Mexican lender Banorte cuts 2025 profit guidance after digital bank sale

Grupo Financiero Banorte Sab De Cv Class ONovember 4, 20254
Mexican lender Banorte cuts 2025 profit guidance after digital bank sale

About this update from Grupo Financiero Banorte Sab De Cv Class O

By Natalia Siniawski Mexican lender Banorte BMV:GFNORTE/O cut its 2025 net income outlook as it reported its third-quarter results on Tuesday, in which it posted a 9% profit dip partly because of the divestment of its digital bank Bineo, as well as a riskier loan book.Banorte, which owns one of the country's largest banks and pension funds, lowered its 2025 net income guidance to 58.2-59.2 billion pesos ($3.17-$3.22 billion) from an earlier level of 59.6-62.1 billion pesos and revised its return on equity to 22%-23% from 21.5%-23%, citing the impairment of Bineo.

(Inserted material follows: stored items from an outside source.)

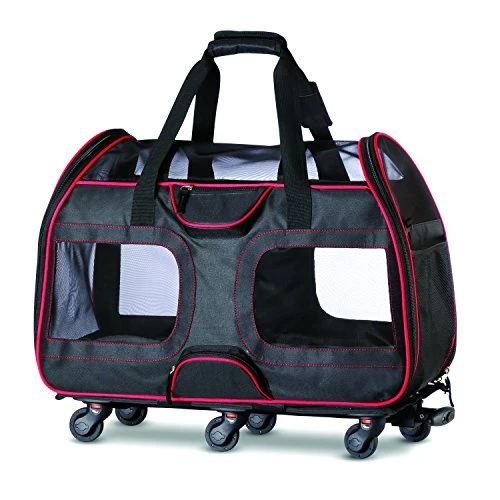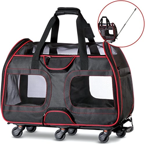 - VERSATILE & EFFICIENT: Pull this carrier on its wheels with a handle strap or metal rod, or carry it with the handle or shoulder strap. It includes a leash to clip on your pet’s collar for security.
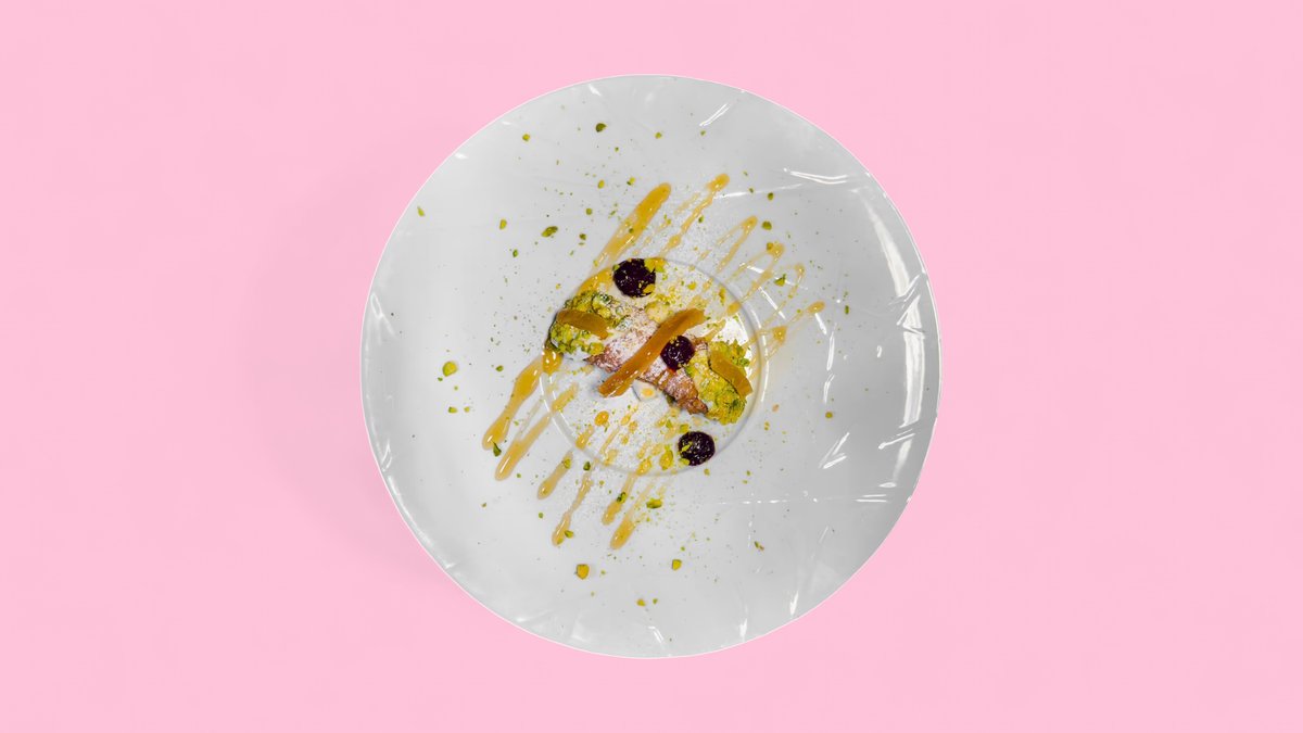 mit Mango, gesalzenem Pistazien Crumble, Mayonnaise vom gerösteten Sesam, Pfeffer und Holzkohle
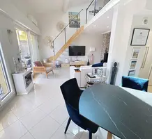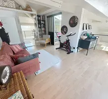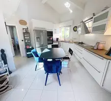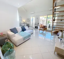 Двухуровневая квартира на верхнем (5-м) этаже здания 2000 года постройки в 900-х метрах от моря. Жилая площадь 91.3 m² - прихожая 4 m², светлая гостиная-столовая 37 m² с высоким потолком, открытой кухней и выходом на панорамную террасу, главная спальня 21 m² со своей душевой и отдельный туалет, наверху по лестнице - открытая гостиная и две спальни 9.4 и 16 m², одна из которых с душем/туалетом. Отличное состояние, в соседнем здании можно арендовать гараж — 110 €/мес. Коммунальные платежи 178 €, годовой налог 1.077 €.
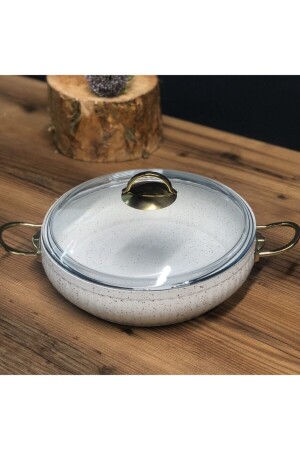 MNZ-غرانيت كاسيرول 30 سم 6 لترات طلق الأرز كاسيرول بروت غير ملصق ذهب أبيض 070255
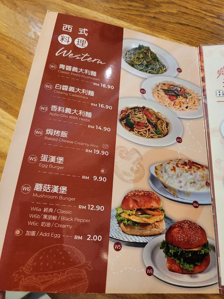 The menu is suitable for casual dining and quick ordering with a self-service system where customers order and pick up at the counter. It offers a moderate variety of dishes which makes it convenient for visitors to choose without an overwhelming number of options. The menu caters well to lunch, casual dinners, and coffee breaks, providing a balance of hearty meals and lighter dishes.
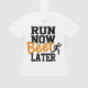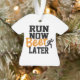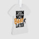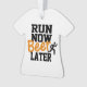 Enfeite engraçado diz em letras pretas e marrons "Run Now Beer Later". As costas podem ser mudadas para seu nome e ano ou o que quiser. Que presente de excelente para o corredor da sua vida! Ponha um SMILE nos rostos!
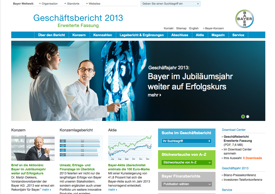Die guten Zahlen der einzelnen Sparten schlagen sich auch im Gesamtergebnis der Bayer AG wieder. Der Konzern, der 2013 sein 150jähriges Bestehen feierte, kann dabei auf eine erfolgreiche Bilanz verweisen: Insgesamt stieg der Gesamtumsatz des Unternehmens von 39,7 Milliarden in 2012 auf 40,1 Milliarden Euro in 2013. Der weitaus umfangreichere Teil des Geschäftsberichtes erläutert im Anschluss an die Best Practice Beispiele die ökonomischen Dimension von Bayers Entwicklung.
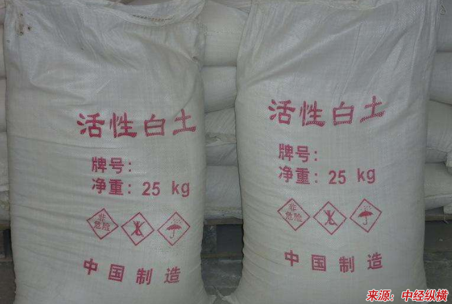 活性白土是用粘土(主要是膨润土)为原料,经无机酸化或盐或其他方法处理,再经水漂洗、干燥制成的吸附剂,外观为乳白色粉末,无臭,无味,无毒,吸附性能很强,能吸附有色物质、有机物质。在空气中易吸潮,放置过久会降低吸附性能。使用时宜加热(以80—100度为宜)复活,但是,加热至300摄氏度以上便开始失去结晶水,使结构发生变化,影响褪色效果。活性白土不溶于水、有机溶剂和各种油类中,几乎完全溶于热烧碱和盐酸中,相对密度2.3~2.5,在水及油中膨润极小。我国活性白土
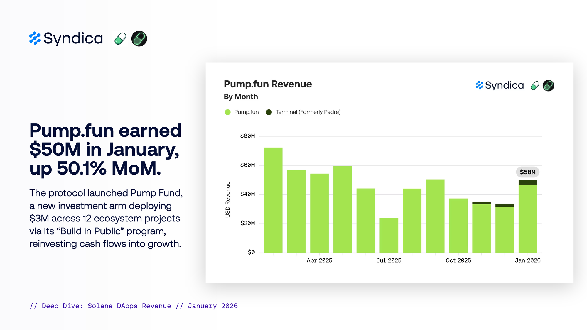 Pump.fun earned $50M in January, up 50.1% MoM. The protocol launched Pump Fund, a new investment arm deploying $3M across 12 ecosystem projects via its “Build in Public” program, reinvesting cash flows into growth.
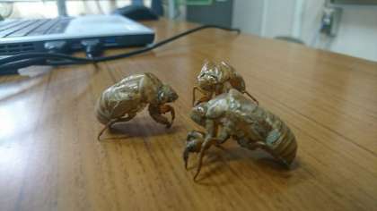 次に、クマゼミの初鳴について、羽化がらを見せてくれ、クマゼミの鳴き声を聞かせてくれました。
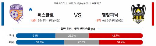 호주 1부 4월 13일 18:05 퍼스 글로리 FC : 웰링턴 피닉스 FC
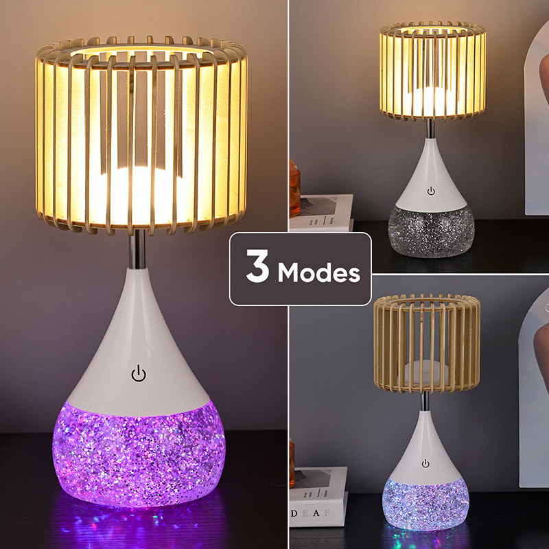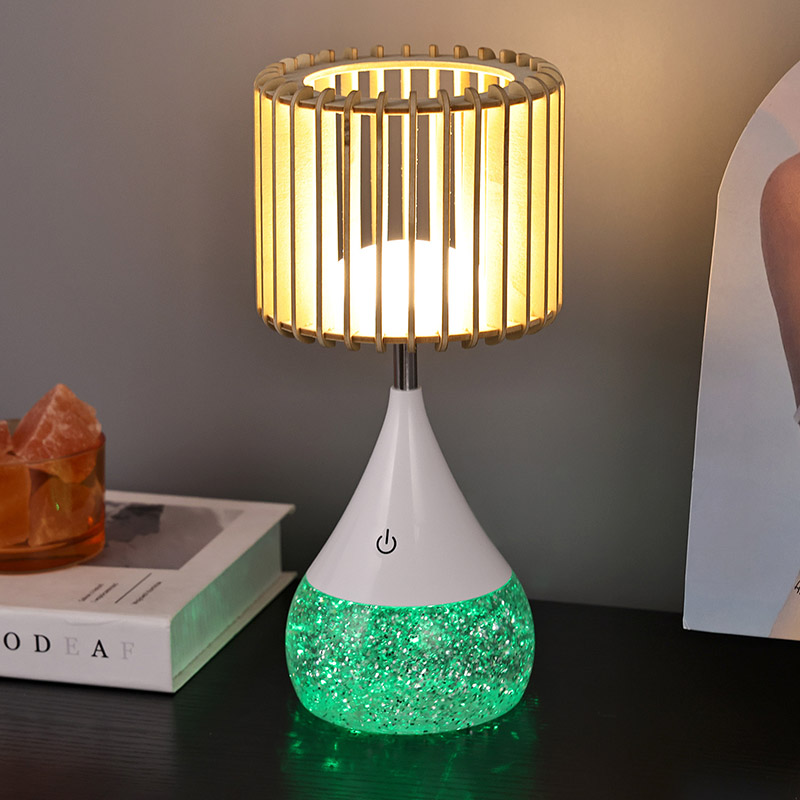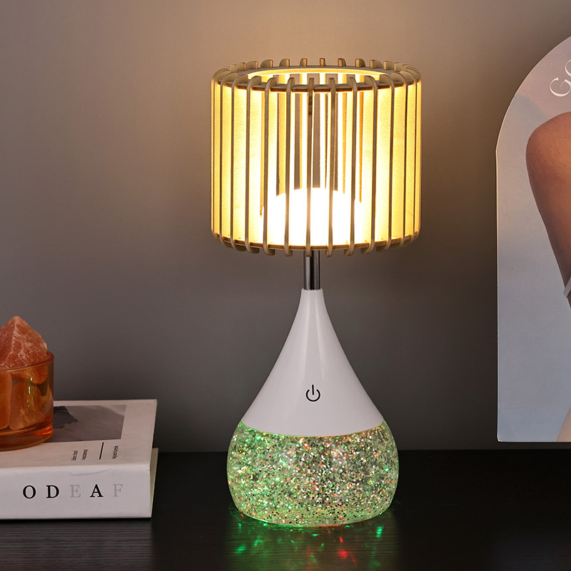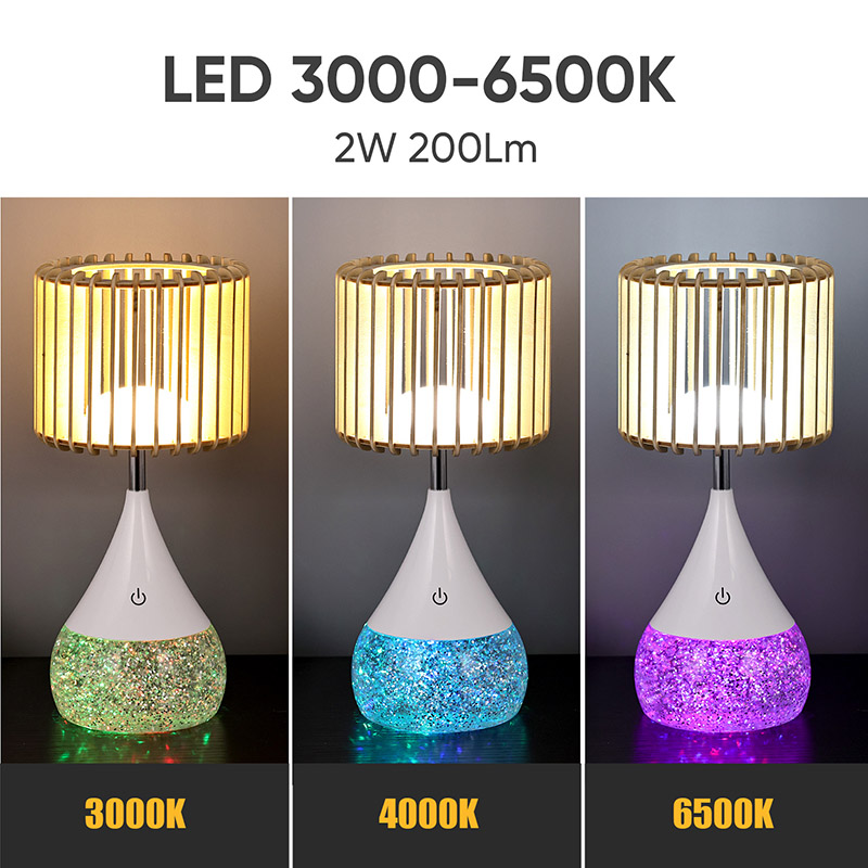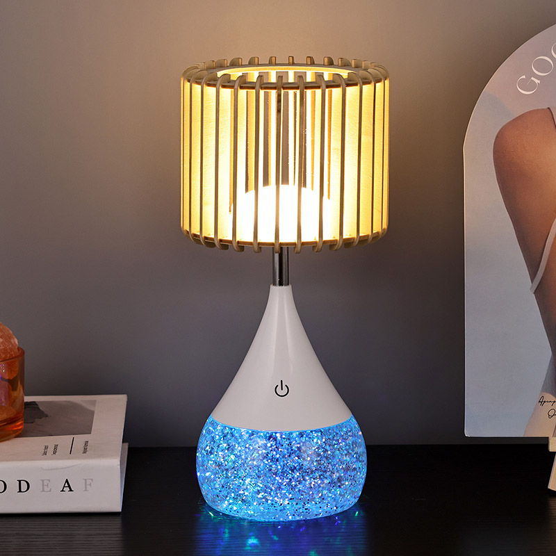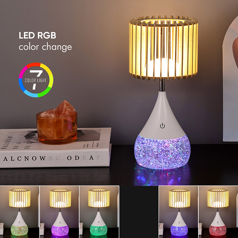 Dearadh:** Scáth lampa adhmaid uathúil, bonn a athraíonn dath RGB
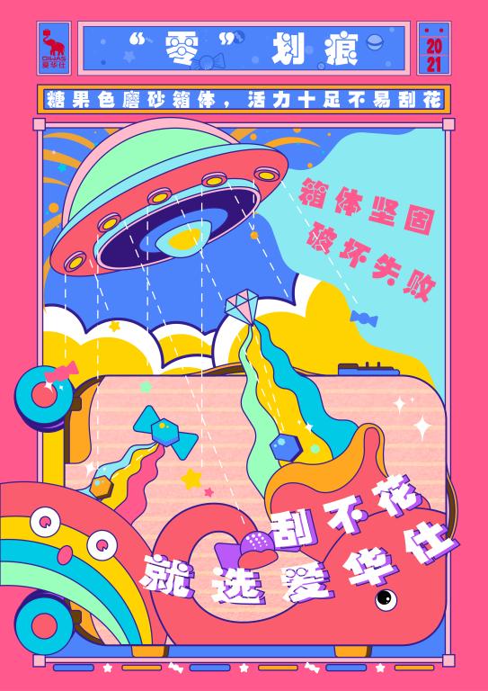 考虑到糖果箱是为新生代群体打造的,在设计时,将爱华仕作为主人公,以两个故事进行讲述,一个故事加入了年轻人物形象代表新生代群体,上方星系代表世界,并将我们所熟知的俄罗斯方块游戏与世界性标志建筑物、服饰等进行结合,意在表现箱体很能装,突出产品的实用性。另一个将飞船作为破坏箱体的反派角色置于画面中,表现受到攻击的箱体没有受到破坏,强调产品的坚固性。最后邀请消费者一同创造属于自己的故事为设计思路。
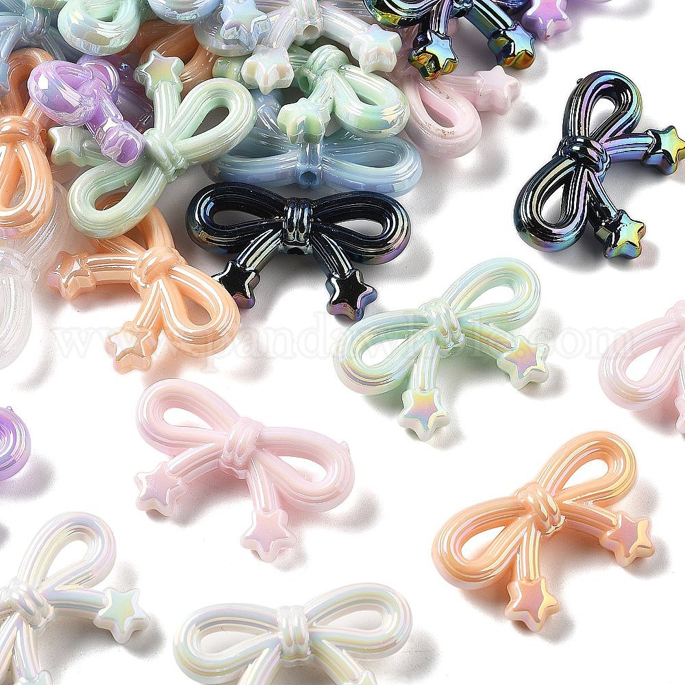 Непрозрачные акриловые бусины с УФ-покрытием, радужный, бантом со звездой
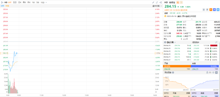 家得宝跌超1%。公司第一季度每股收益3.82美元,去年同期为4.09美元,预期3.8美元;销售额372.6亿美元,同比下降4.2%,预期383.1亿美元;公司第一季度客户交易量下降4.8%;一季度同店销售下降4.5%,预期下降1.42%。家得宝表示,木材通货紧缩、不利天气影响了第一季度的销售,与去年第四季度相比,整个业务承受的压力更大。
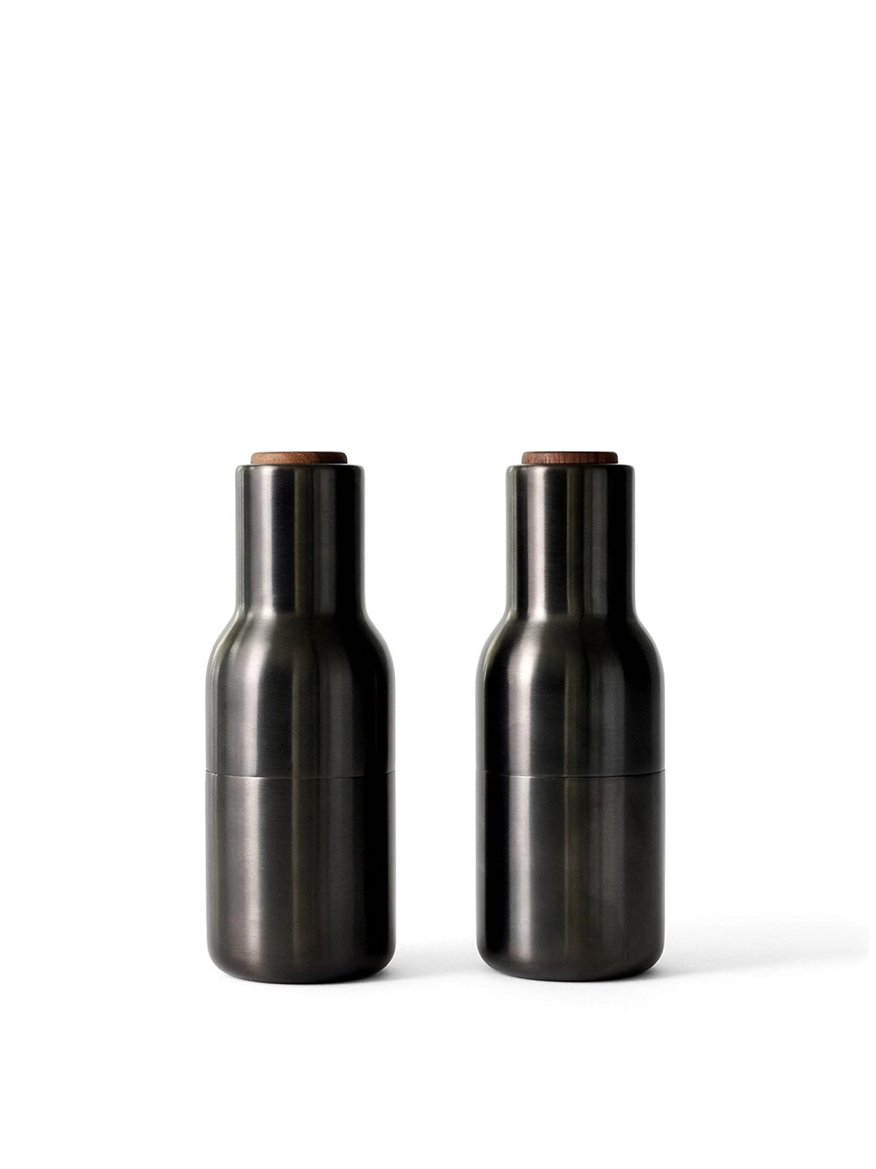 Set of two grinders, plastic, ceramic or brass and stainless steel body with wood lid. BPA free.
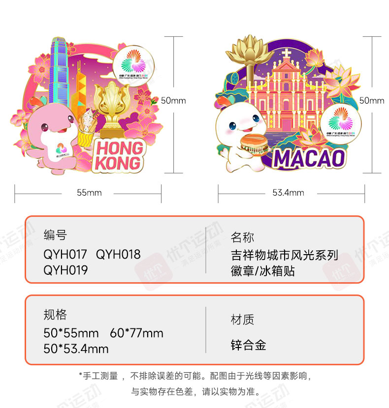 DOUBLE FISH双鱼 吉祥物城市风光系列徽章/冰箱贴 十五运徽章 创意冰箱贴 广东/香港/澳门
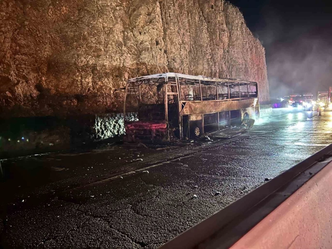 Antakya’dan İstanbul’a giden 31 ADR 94 plakalı Jet Turizm yolcu otobüsü, Hatay'ın Belen ilçesi Kıcı mevkiinde yangına tutuldu. Otobüs içerisinde bulunan 20 yolcu, yangın sırasında korku dolu anlar yaşadı. Yangın kısa sürede tüm otobüsü sardı ve alev topuna döndü.

Banorte agreed to sell its digital bank unit Bineo to financial technology firm Klar in September, as part of a larger overhaul of its digital strategy. The group recorded "an initial impairment loss" of 1.31 billion pesos from Bineo and de-consolidated the unit from its results. It also reported a new higher-risk Stage 3 commercial loan, prompting it to raise its provisions. The lender also widened its loan growth forecast to 6%-11% from 8%-11%, citing government loans. However, it edged up its net interest margin (NIM), a key profitability metric for banks, to 6.2%-6.5% from a prior forecast of 6.1%-6.4%. "We see Banorte's results as weak," analysts at Santander said. "We continue to note downside risk to consensus estimates in 2026 based on weaker-than-expected growth in 2025." RISKIER LOANS Banorte's net profit of 13.01 billion pesos ($710 million) fell short of an LSEG-compiled estimate of 14.44 billion pesos, while total revenue of 40.86 billion pesos beat a forecast of 39.67 billion pesos.Net interest income, the difference between what banks earn on loans and dole out in deposits, grew 2% year-over-year supported by a larger loan book, higher loan origination, a consumer-focused portfolio mix, and consistent funding cost optimization.Total provisions rose 57% in the quarter compared to a year earlier, largely due to higher reserves for the commercial loan that was classified as a higher-risk Stage 3 transaction. Third-quarter Stage 3 loans reached 16.75 billion pesos, up from 11.35 billion pesos a year earlier, primarily in the commercial and mortgage portfolios. Banorte said this was driven by isolated client cases rather than broader trends.Return on equity ended September at 20.1%, down from 22.9% a year earlier.($1 = 18.3694 Mexican pesos)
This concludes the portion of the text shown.